L’indagata, Maddalena Rubeo Lisa, originaria di Ivrea e residente a Palestro dopo numerosi cambi di domicilio tra il Canavese e la Lomellina, è accusata di tentato omicidio plurimo. Al giudice per le indagini preliminari Pasquale Villani ha confessato tutto. «Li ho scelti a caso. Non c’entravano niente. Le voci mi dicevano che sono matta. Così li ho investiti», ha dichiarato durante l’interrogatorio di convalida.

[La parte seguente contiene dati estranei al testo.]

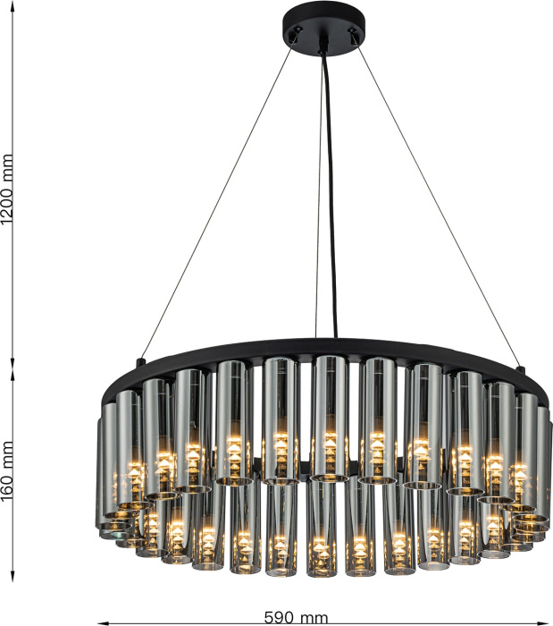 Размеры светильника: ширина 590 мм, высота мм. - такие габариты позволяют люстре гармонично смотреться как в просторных, так и в небольших помещениях.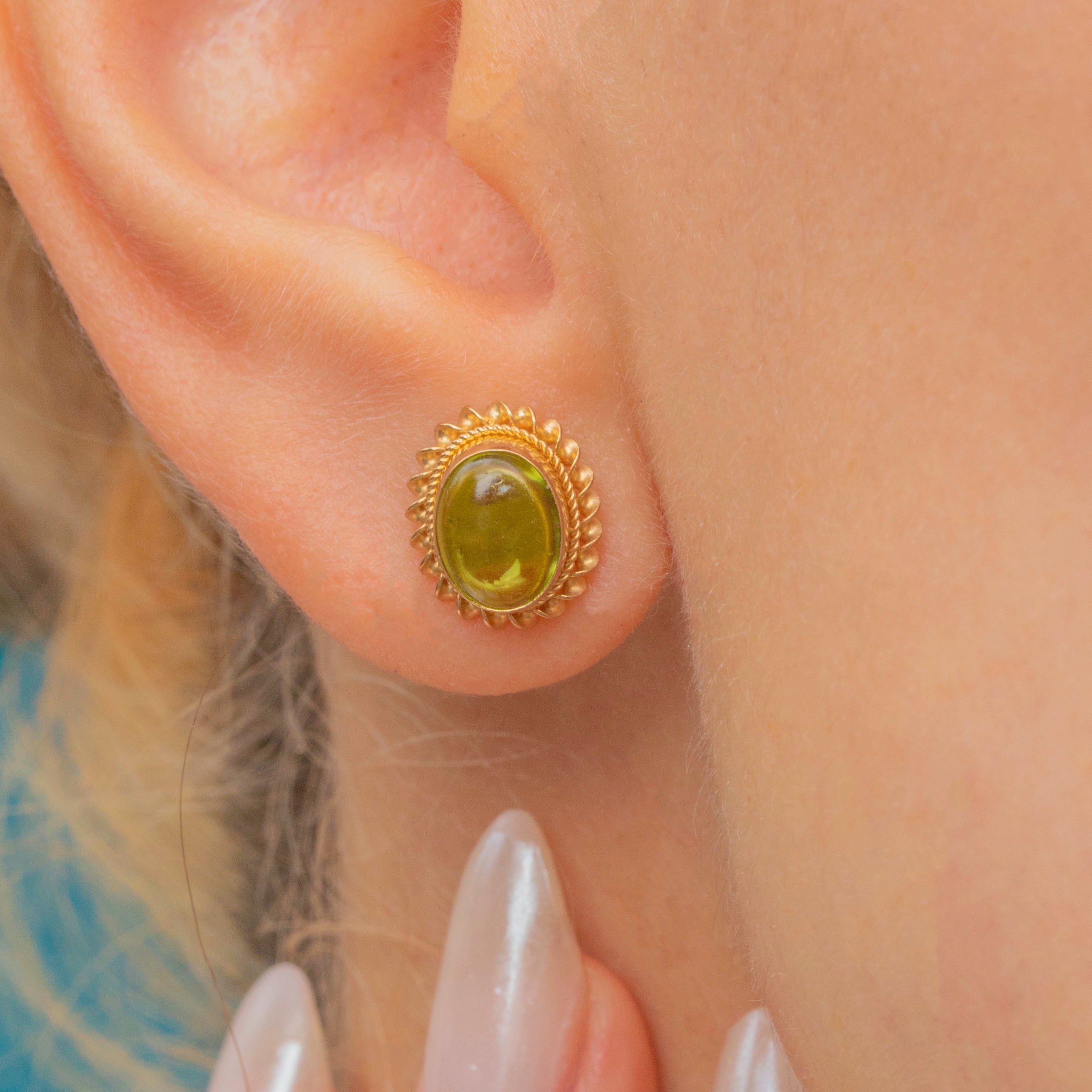 EXCELLENT. With secure and smooth Peridot cabochons, these earrings are in fabulous condition. The Peridots display some natural inclusions, but nothing visible to the naked, untrained, eye. The earrings are fully hallmarked to 1995 and come with secure butterfly backs.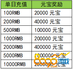 活动规则:活动期间充值满足条件可以领取对应的元宝奖励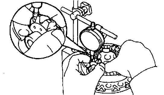 d. Using a dial indicator, measure the backlash of the pinion gear while holding the differential left case.

La donna ha raccontato di aver cambiato casa dieci volte negli ultimi anni per sfuggire a quelle voci che la ossessionavano. Venerdì sera, dopo aver ritirato l’auto da un’officina di Boffalora Ticino dove era stata portata per la revisione, avrebbe iniziato a vagare senza meta. Tra le 20.13 e le 20.25 la sequenza degli investimenti. Il terzo, quello più grave, è stato ripreso dalle telecamere di videosorveglianza pubblica.

Quasi due ore dopo, la donna si è presentata spontaneamente in questura a Pavia. In un primo momento ha parlato di un malore, poi ha ammesso la responsabilità spiegando di aver agito sotto la pressione di quelle “voci” che, a suo dire, la tormentavano da tempo.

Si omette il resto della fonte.